While the Brits have a reputation for “queueing”, nobody did it like the citizens of Soviet Russia:

They even went nuts over their first McDonald’s.

A related joke, which I heard in the 1980s:

Two Poles meet each other on the street.

Pole #1: “Where are you heading?”

Pole #2: “To Krakow, to buy bread.”

Pole #1: “Krakow? The only place where there’s any bread is Warsaw!”

Pole #2: “I know, but the end of the line is in Krakow.”

It’s a hangover from WW2 and the austerity/rationing period that continued for some years thereafter * -another example of the “Britain can take it” mood. But there’s also a sort of fetishisation of more recent queues - for Wimbledon tennis, for the cheap standing tickets for the BBC Proms -and any occasion that leads some loon to start queueing 24 hours in advance.

*There was a cartoon from that time that showed a line of puzzled-looking people and a man saying"Well, if you’re waitiing for Gone With The Wind, she’s waiting for her cat’s meat ration and I’m waiting for a No.9 bus, what kind of a queue is this?"

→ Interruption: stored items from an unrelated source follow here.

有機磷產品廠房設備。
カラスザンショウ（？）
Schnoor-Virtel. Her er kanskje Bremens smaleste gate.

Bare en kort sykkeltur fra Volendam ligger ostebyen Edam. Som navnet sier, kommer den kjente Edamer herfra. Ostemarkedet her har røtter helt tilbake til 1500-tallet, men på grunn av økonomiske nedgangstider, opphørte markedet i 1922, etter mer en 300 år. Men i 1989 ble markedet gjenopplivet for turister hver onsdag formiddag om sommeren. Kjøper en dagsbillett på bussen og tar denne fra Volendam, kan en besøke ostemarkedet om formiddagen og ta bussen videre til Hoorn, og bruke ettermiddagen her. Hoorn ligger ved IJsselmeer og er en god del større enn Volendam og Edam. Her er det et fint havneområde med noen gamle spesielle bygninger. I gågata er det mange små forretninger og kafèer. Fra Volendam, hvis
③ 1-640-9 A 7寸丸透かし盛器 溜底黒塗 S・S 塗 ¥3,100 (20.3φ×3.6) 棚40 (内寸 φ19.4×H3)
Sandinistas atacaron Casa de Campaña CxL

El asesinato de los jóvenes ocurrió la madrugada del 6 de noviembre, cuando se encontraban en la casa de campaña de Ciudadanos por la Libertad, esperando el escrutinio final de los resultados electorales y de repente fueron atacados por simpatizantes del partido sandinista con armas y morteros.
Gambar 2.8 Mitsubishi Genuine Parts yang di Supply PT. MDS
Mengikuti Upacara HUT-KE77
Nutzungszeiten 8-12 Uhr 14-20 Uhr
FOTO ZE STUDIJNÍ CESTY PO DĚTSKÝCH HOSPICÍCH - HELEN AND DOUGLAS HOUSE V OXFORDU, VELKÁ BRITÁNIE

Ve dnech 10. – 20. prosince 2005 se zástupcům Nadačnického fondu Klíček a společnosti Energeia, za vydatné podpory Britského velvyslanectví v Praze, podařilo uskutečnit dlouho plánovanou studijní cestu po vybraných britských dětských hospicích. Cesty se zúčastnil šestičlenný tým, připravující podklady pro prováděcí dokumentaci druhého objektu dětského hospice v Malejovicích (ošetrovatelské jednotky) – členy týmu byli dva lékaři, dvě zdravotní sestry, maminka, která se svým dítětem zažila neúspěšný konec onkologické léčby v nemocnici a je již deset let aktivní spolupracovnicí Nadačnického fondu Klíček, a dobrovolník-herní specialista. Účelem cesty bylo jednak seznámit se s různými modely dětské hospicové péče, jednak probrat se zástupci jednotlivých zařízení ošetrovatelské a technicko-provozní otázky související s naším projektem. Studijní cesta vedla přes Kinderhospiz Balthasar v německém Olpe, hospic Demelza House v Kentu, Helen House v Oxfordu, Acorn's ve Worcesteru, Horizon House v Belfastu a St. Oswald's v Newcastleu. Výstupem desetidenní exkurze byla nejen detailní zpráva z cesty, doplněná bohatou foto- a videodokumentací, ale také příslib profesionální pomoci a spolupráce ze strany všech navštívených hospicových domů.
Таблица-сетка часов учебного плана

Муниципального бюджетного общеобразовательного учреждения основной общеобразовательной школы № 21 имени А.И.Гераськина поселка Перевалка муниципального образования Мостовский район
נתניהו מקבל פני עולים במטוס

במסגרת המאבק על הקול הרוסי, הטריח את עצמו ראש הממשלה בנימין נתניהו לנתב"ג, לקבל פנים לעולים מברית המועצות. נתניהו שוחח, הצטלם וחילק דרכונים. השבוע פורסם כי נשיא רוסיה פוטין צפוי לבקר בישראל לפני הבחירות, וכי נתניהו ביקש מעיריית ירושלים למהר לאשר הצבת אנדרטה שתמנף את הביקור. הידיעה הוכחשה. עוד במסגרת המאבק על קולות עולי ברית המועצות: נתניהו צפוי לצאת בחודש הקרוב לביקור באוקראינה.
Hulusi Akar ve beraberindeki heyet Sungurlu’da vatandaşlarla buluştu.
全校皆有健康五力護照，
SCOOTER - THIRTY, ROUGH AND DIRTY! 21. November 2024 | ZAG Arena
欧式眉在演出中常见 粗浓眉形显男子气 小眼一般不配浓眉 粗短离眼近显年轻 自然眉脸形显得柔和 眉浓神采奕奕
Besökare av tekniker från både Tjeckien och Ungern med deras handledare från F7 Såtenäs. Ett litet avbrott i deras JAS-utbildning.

What are these? I’ve seen them referred to on this site, but also in books, and nobody ever explains it. And I always forget to google it later.

I believe it’s a classical music festival featuring indoor and outdoor concerts with cheap standing room tickets.

Ah. I can see queuing for that.

[shouty voice]It’s spelled queueing![/shouty voice]

Five vowels in a row! A vowel queue!

Rats. I know that. I missed that second ‘e’ – not intentionally.

Now look at the thread title.

Yeah, I noticed that. I guess that’s why you used the shouty voice?

But why is it spelled queue vs. que?

Because que is pronounced kay; don’t confuse it with quay, which is pronounce key.

My own gut feeling is that some of the British “queue” mentality is a contrast with the mob behavior on the continent.

People in the UK always seem to be politely standing in line to place an order at the counter, or whatever. In Europe there are many places you just have to push to the front to place your order. If you stand politely, you’ll never get lunch.

Ask the French. It’s their word.

Britons queue; Americans stand in line.

I think it comes from the wartime and post war rationing in the UK (which lasted long after the war had finished, so would have seemed unusual to visitors from other countries most especially from the US)

The joke at the time that if an Englishman saw a queue they would join it simply because they did want to miss out on whatever was at the front of it. I think there is a healthy chunk of English chuvinism at work too (as in they may have queues in other countries but they are anarchic free for falls, unlike the respectful British who have the strength of character to wait in line without pushing in)

I was always reminded of it when I lived in SF and walked past countless brunch queues at the weekend.

Absolutely:

Or, as I’ve heard it in Pennsylvania, stand on line. Personally, I think that usage sounds silly.

I agree with this. Also, when average Brits starting taking holidays in abroad from the 70s-ish onwards, it heightened our awareness of cultural differences - suddenly, we could observe that Europeans didn’t hardly queue at all - shocking behaviour! - so it became more of a topic of conversation.